## Recorded information
+-------+

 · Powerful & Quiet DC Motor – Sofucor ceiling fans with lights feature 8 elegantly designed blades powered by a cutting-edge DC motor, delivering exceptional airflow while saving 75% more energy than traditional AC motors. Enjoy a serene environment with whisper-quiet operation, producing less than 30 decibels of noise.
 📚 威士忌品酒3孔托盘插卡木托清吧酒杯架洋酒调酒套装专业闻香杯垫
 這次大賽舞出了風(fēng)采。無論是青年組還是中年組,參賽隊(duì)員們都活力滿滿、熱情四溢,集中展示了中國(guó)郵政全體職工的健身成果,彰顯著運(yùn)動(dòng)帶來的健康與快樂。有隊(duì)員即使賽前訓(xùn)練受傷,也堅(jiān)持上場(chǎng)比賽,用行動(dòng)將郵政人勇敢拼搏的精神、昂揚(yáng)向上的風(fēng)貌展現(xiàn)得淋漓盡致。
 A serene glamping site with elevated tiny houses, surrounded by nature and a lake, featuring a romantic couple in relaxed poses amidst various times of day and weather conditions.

+-------+

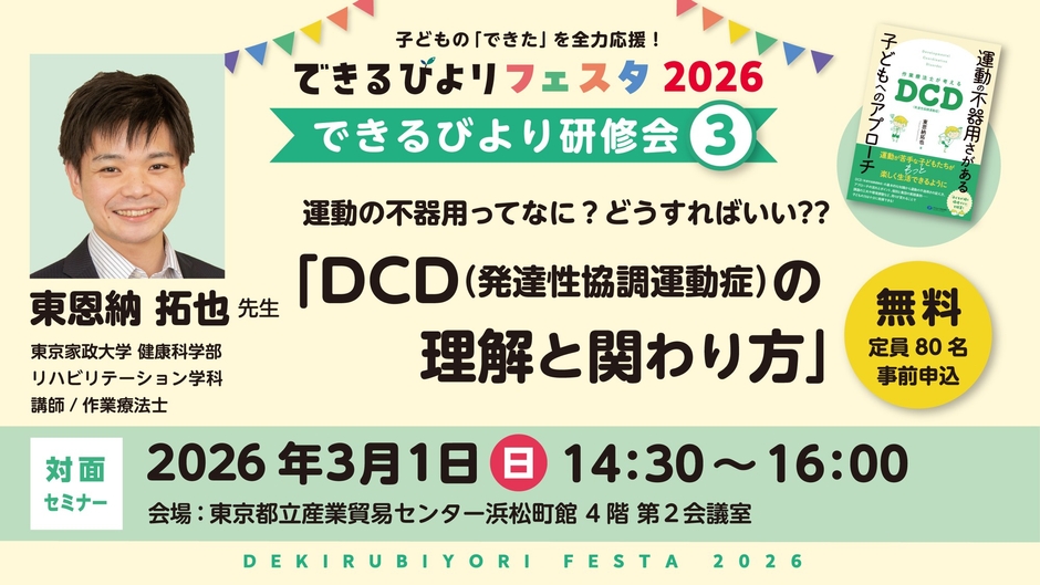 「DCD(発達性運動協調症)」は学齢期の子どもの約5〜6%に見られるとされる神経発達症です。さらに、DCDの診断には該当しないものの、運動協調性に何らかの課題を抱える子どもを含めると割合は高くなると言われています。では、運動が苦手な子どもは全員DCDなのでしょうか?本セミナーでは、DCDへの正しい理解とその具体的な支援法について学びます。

+-------+

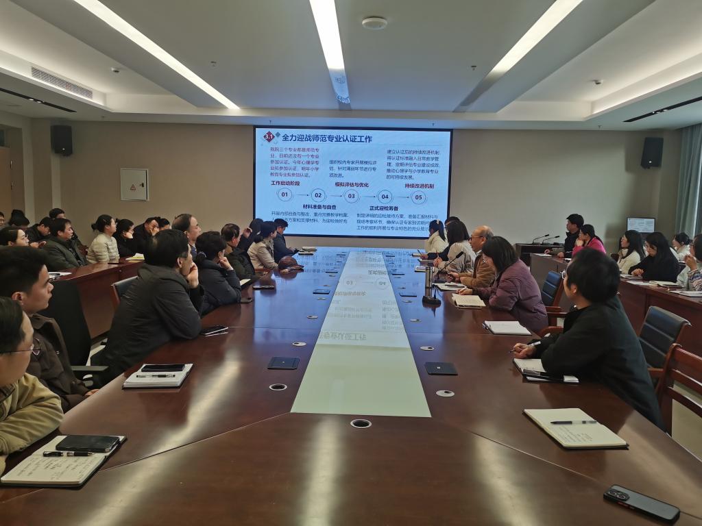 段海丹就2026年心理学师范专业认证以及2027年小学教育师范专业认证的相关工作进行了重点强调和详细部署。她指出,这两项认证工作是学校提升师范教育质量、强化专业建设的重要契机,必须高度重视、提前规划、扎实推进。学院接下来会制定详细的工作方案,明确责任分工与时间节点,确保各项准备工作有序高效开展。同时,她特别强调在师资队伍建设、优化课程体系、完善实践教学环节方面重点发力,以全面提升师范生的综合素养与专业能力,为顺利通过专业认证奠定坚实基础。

+-------+

## Task description
Using the data above, print exactly the lines from the line that contains "decibels of noise." through the line that contains "A serene glamping", with both included.

## Answer area
 · Powerful & Quiet DC Motor – Sofucor ceiling fans with lights feature 8 elegantly designed blades powered by a cutting-edge DC motor, delivering exceptional airflow while saving 75% more energy than traditional AC motors. Enjoy a serene environment with whisper-quiet operation, producing less than 30 decibels of noise.
 📚 威士忌品酒3孔托盘插卡木托清吧酒杯架洋酒调酒套装专业闻香杯垫
 這次大賽舞出了風(fēng)采。無論是青年組還是中年組,參賽隊(duì)員們都活力滿滿、熱情四溢,集中展示了中國(guó)郵政全體職工的健身成果,彰顯著運(yùn)動(dòng)帶來的健康與快樂。有隊(duì)員即使賽前訓(xùn)練受傷,也堅(jiān)持上場(chǎng)比賽,用行動(dòng)將郵政人勇敢拼搏的精神、昂揚(yáng)向上的風(fēng)貌展現(xiàn)得淋漓盡致。
 A serene glamping site with elevated tiny houses, surrounded by nature and a lake, featuring a romantic couple in relaxed poses amidst various times of day and weather conditions.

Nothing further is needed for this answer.